**ENTRIES SUPPLIED**:
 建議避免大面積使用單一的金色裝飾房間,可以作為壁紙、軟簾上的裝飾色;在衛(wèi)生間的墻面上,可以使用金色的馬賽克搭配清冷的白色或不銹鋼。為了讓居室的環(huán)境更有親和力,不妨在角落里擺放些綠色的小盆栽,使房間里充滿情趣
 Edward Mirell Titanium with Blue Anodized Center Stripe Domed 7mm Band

* * *

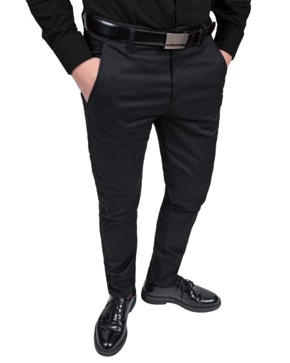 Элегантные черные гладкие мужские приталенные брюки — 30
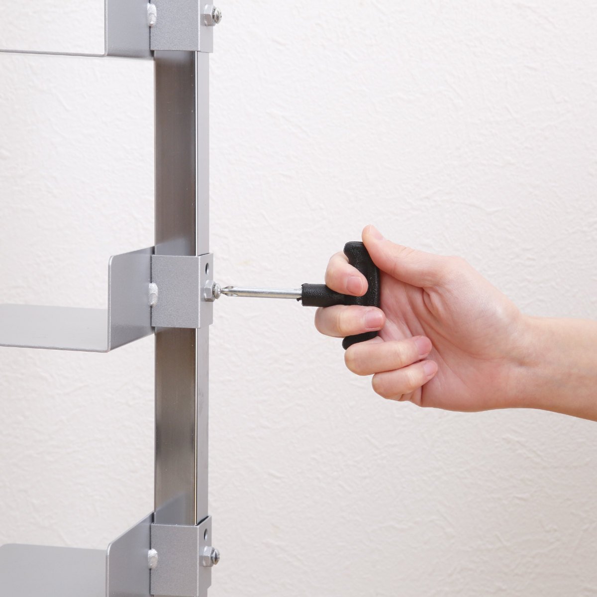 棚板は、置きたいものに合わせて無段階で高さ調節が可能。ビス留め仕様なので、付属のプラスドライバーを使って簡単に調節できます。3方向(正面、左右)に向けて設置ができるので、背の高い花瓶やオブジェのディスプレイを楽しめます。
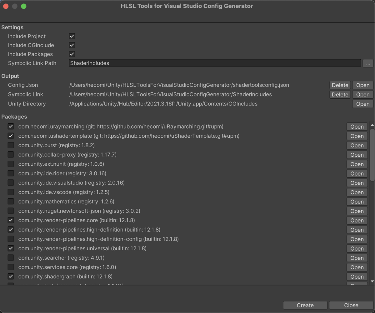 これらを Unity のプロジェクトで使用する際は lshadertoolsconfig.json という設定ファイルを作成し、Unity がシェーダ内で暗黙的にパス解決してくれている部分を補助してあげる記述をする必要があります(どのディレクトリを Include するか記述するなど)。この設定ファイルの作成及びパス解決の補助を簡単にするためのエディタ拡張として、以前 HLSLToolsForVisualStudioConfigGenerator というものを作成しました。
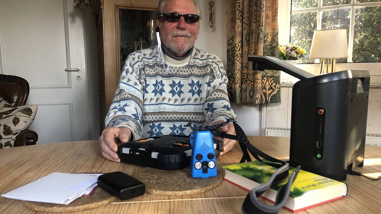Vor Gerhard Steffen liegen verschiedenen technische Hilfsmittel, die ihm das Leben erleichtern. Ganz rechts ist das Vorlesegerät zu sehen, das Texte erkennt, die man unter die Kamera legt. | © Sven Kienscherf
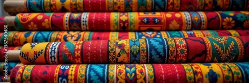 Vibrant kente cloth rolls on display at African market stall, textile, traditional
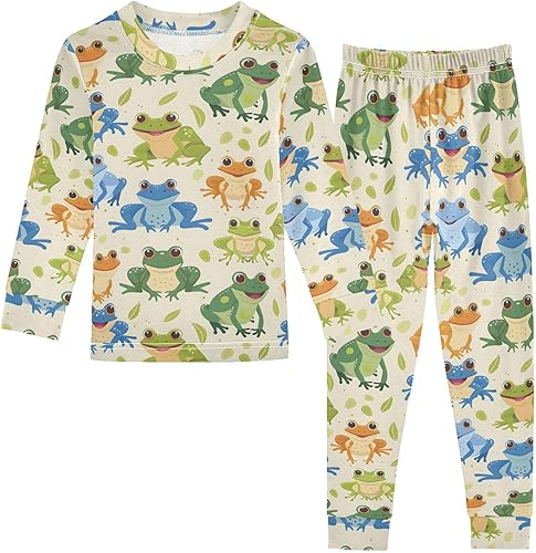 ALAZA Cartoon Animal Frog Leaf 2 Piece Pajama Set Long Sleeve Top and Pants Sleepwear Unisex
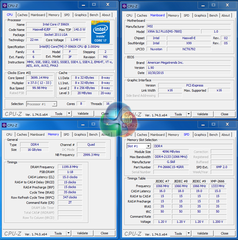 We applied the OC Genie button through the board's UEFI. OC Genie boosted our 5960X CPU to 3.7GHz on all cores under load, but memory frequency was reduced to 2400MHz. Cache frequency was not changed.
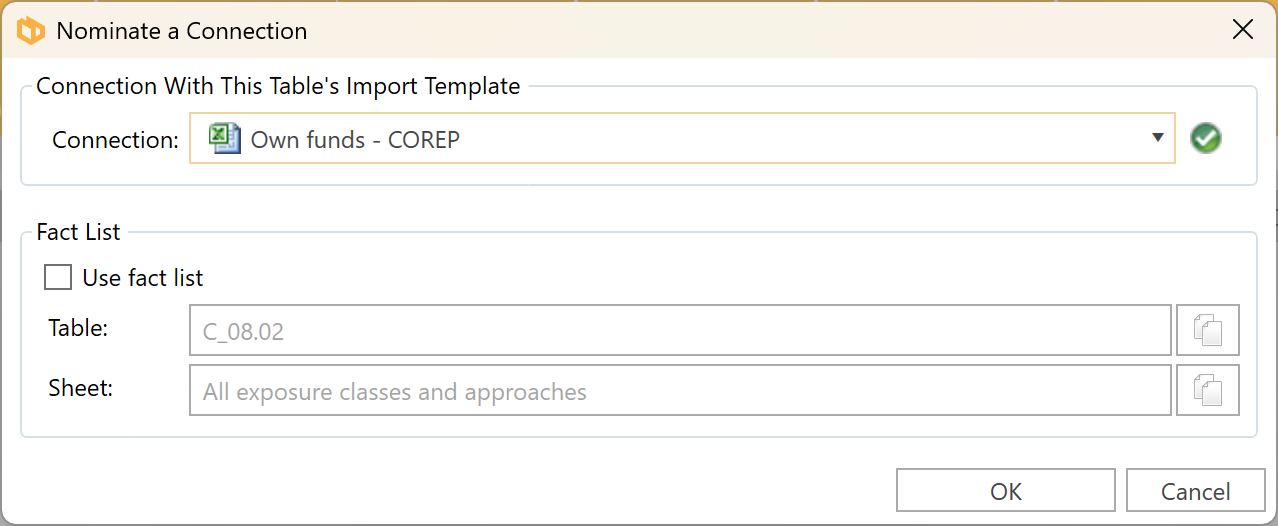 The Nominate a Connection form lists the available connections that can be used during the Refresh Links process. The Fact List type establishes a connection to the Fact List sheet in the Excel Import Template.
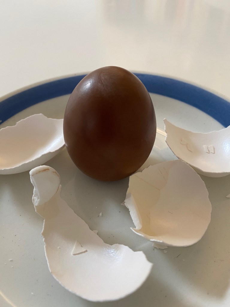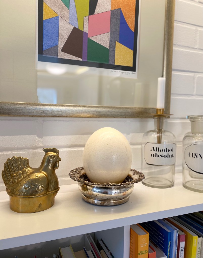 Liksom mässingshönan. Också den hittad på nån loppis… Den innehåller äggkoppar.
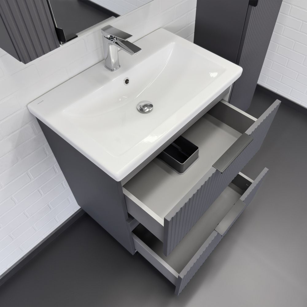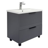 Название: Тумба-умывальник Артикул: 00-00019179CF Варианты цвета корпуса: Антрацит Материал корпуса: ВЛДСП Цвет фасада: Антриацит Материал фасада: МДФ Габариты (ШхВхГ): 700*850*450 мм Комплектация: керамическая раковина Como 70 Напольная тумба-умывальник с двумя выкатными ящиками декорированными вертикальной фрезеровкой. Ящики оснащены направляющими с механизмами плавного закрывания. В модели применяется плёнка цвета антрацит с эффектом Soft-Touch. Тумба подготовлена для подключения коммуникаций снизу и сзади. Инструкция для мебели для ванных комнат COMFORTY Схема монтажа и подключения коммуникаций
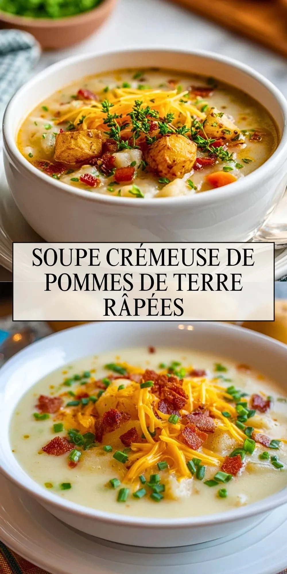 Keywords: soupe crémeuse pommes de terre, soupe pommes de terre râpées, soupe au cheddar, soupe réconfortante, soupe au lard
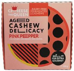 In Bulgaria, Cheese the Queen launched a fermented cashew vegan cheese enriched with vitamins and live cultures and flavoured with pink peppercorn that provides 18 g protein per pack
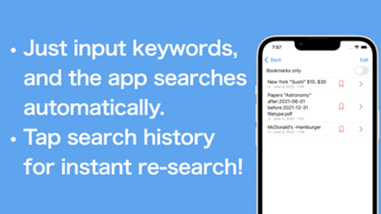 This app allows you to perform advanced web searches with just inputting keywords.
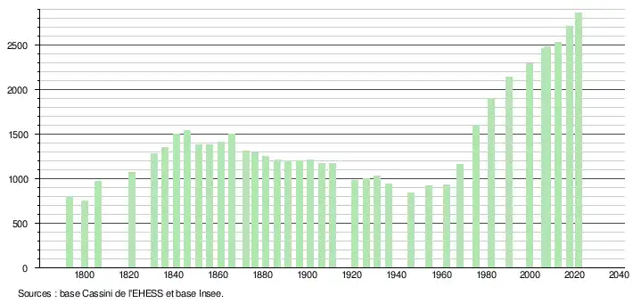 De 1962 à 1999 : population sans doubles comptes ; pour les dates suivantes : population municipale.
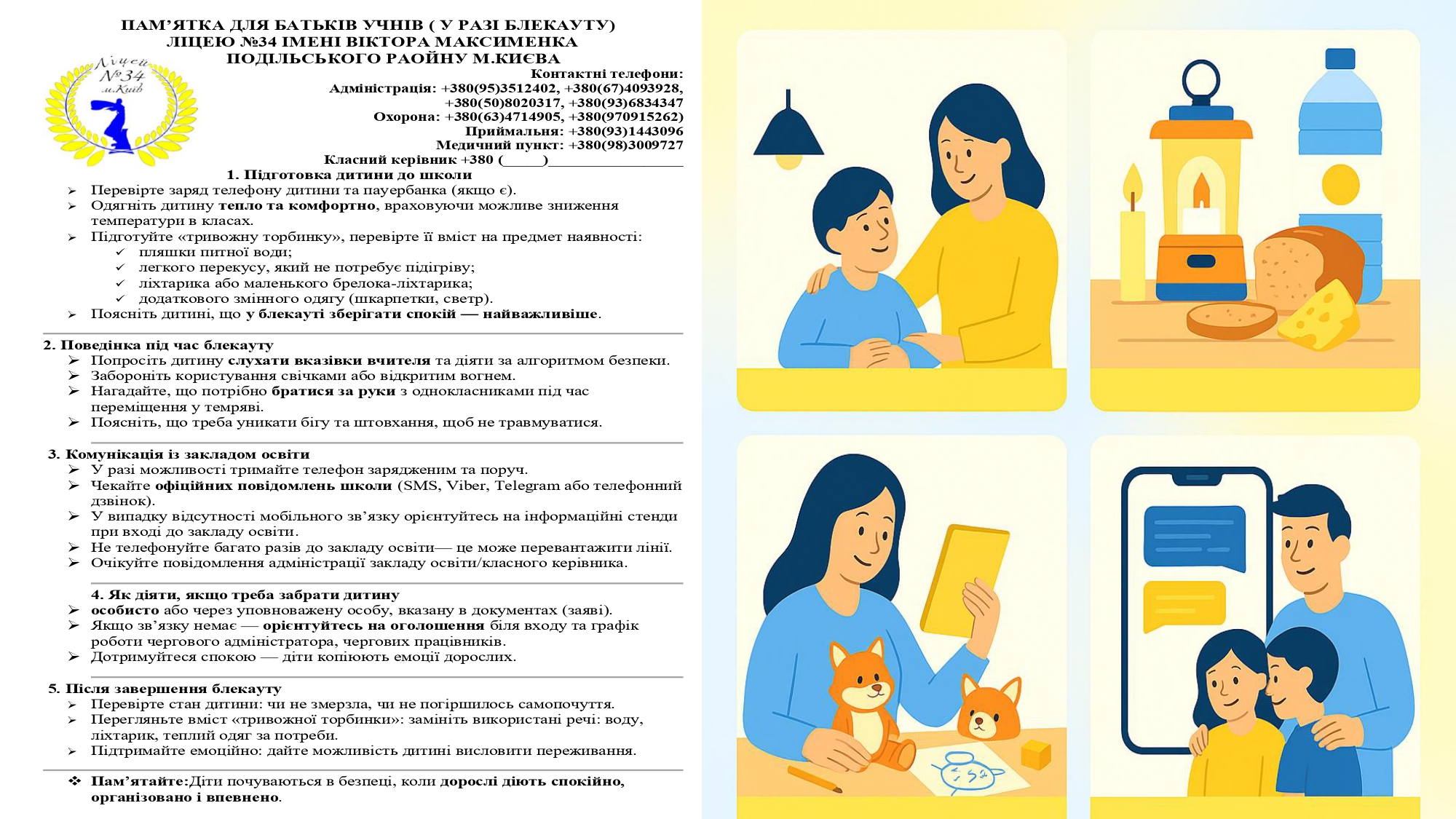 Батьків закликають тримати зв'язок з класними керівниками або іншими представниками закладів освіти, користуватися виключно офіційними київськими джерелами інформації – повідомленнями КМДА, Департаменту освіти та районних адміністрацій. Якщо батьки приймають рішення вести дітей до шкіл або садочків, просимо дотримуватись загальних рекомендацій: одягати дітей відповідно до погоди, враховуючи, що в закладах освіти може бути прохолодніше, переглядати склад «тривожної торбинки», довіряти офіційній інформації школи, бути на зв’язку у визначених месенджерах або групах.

...

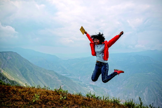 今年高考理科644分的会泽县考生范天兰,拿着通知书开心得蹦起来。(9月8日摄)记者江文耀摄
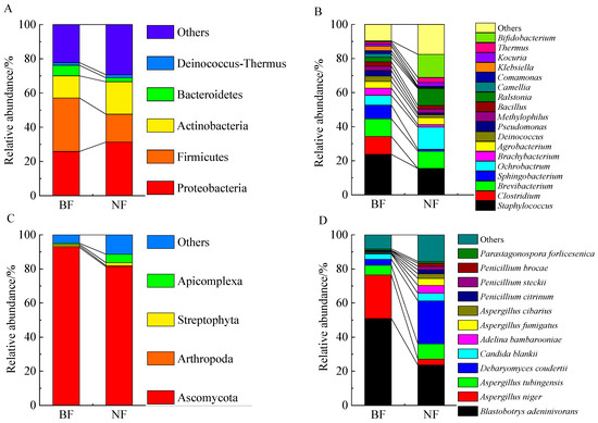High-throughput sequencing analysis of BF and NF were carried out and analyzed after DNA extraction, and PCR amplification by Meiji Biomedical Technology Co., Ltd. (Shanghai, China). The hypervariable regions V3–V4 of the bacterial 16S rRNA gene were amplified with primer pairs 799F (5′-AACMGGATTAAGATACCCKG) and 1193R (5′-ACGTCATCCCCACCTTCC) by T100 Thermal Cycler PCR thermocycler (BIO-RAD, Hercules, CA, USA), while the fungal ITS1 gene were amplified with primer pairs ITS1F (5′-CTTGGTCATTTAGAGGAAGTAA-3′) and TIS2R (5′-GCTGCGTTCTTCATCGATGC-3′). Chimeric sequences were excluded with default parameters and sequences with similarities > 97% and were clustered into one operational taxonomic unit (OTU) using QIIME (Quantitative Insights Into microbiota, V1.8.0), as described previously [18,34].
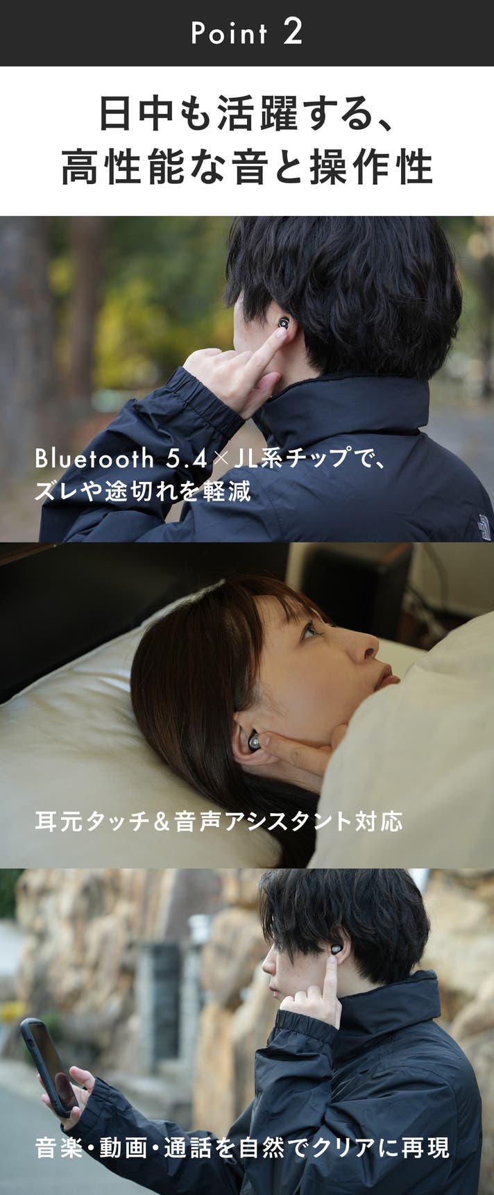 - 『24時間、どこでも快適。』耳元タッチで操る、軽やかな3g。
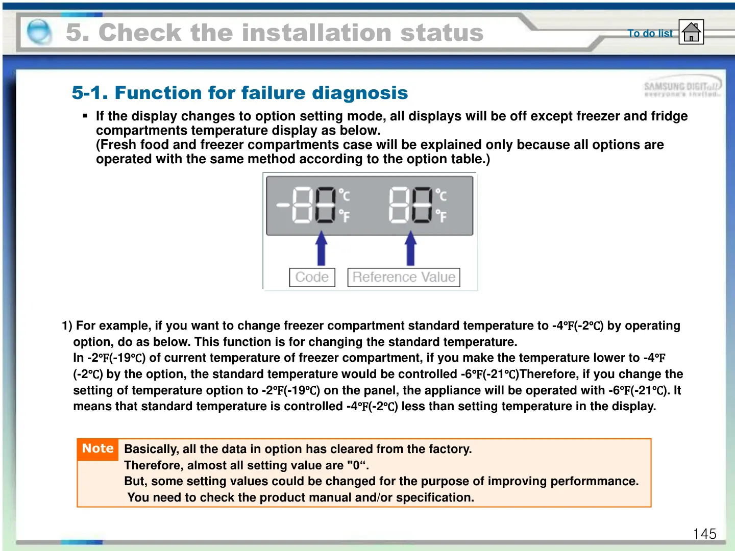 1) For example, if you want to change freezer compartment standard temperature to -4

**WHAT YOU WILL DO**:
With the pictures omitted, copy the entries above exactly from the line containing "Vibrant kente cloth" through the line containing "De 1962 à 1999 : population", both lines included.

**SOLUTION FOR THIS TASK**:
 Vibrant kente cloth rolls on display at African market stall, textile, traditional
 ALAZA Cartoon Animal Frog Leaf 2 Piece Pajama Set Long Sleeve Top and Pants Sleepwear Unisex
 We applied the OC Genie button through the board's UEFI. OC Genie boosted our 5960X CPU to 3.7GHz on all cores under load, but memory frequency was reduced to 2400MHz. Cache frequency was not changed.
 The Nominate a Connection form lists the available connections that can be used during the Refresh Links process. The Fact List type establishes a connection to the Fact List sheet in the Excel Import Template.
 Liksom mässingshönan. Också den hittad på nån loppis… Den innehåller äggkoppar.
 Название: Тумба-умывальник Артикул: 00-00019179CF Варианты цвета корпуса: Антрацит Материал корпуса: ВЛДСП Цвет фасада: Антриацит Материал фасада: МДФ Габариты (ШхВхГ): 700*850*450 мм Комплектация: керамическая раковина Como 70 Напольная тумба-умывальник с двумя выкатными ящиками декорированными вертикальной фрезеровкой. Ящики оснащены направляющими с механизмами плавного закрывания. В модели применяется плёнка цвета антрацит с эффектом Soft-Touch. Тумба подготовлена для подключения коммуникаций снизу и сзади. Инструкция для мебели для ванных комнат COMFORTY Схема монтажа и подключения коммуникаций
 Keywords: soupe crémeuse pommes de terre, soupe pommes de terre râpées, soupe au cheddar, soupe réconfortante, soupe au lard
 In Bulgaria, Cheese the Queen launched a fermented cashew vegan cheese enriched with vitamins and live cultures and flavoured with pink peppercorn that provides 18 g protein per pack
 This app allows you to perform advanced web searches with just inputting keywords.
 De 1962 à 1999 : population sans doubles comptes ; pour les dates suivantes : population municipale.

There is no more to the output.